Limitations & Future Work

  • Toolsets constrained by OSWorld versions: Applications like GIMP and Thunderbird lacked MCP servers due to versioning issues.
  • Dependency on RAG: Using RAG to filter tools for the context window introduces retrieval error which was not isolated in this analysis.
  • Dependency on o3: The production pipeline relies heavily on OpenAI o3; whether weaker models can replicate this quality remains unverified.
  • Multi-step chaining remains open: The benchmark exposes the bottleneck in tool chaining and long-list selection but does not provide a direct solution.
  • vs.
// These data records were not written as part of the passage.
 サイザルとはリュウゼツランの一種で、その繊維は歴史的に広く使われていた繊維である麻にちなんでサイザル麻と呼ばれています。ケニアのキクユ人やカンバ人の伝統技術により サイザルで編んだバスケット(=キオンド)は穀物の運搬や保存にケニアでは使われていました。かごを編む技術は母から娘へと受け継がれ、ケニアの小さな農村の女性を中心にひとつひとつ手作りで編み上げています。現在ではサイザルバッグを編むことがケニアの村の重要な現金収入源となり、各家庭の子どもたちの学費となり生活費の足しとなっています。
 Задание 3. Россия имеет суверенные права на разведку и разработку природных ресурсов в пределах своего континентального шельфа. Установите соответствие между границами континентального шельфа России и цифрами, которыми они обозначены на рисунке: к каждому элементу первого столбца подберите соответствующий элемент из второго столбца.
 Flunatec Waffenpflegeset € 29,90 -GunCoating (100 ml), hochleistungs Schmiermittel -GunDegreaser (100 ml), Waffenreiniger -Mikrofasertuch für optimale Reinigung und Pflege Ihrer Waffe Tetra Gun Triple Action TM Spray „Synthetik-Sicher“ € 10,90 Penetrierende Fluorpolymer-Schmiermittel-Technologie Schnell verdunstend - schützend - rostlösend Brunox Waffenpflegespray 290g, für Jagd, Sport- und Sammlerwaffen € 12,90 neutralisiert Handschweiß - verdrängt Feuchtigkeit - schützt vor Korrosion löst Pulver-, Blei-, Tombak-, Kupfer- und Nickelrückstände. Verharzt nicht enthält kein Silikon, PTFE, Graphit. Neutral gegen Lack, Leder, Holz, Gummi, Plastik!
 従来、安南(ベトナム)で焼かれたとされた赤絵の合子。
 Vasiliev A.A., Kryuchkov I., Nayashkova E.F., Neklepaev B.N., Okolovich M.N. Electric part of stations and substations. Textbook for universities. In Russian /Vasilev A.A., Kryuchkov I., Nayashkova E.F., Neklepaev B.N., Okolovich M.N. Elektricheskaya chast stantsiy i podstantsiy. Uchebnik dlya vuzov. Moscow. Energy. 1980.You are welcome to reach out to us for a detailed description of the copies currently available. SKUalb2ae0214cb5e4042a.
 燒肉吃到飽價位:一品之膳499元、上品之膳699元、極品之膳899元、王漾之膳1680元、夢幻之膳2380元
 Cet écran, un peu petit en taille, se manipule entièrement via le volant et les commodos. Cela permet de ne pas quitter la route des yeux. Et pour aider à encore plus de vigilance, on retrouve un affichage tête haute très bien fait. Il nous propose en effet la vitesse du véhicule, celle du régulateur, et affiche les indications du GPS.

OSWorld: OSWorld only defines GUI actions; this work adds 158 MCP tools and allows dynamic selection, expanding evaluation from "pure GUI" to "GUI + Tools + Mixed Decision."
  • vs. Text-based MCP Benchmarks: Prior benchmarks had limited tool variety or relied on LLM judges; this work evaluates in a visual GUI environment requiring multi-modal perception and real-world execution.
  • vs. Static GUI Benchmarks: Static benchmarks (e.g., Mind2Web) cannot evaluate new action paths created by tools; this work uses a dynamic environment with real reward signals.

Rating

  • Novelty: ⭐⭐⭐⭐⭐ First to fairly evaluate GUI + Tool + Mixed Decision in a real computer environment.
  • Experimental Thoroughness: ⭐⭐⭐⭐⭐ Covers 6 LMMs + 1 multi-agent framework, multiple step counts, and fine-grained task analysis.
  • Writing Quality: ⭐⭐⭐⭐ Clear motivation and metrics, though some pipeline implementation details are slightly brief.
  • Value: ⭐⭐⭐⭐⭐ Sets a new standard for tool-use evaluation in computer-use agents; environment and tools are fully open-sourced.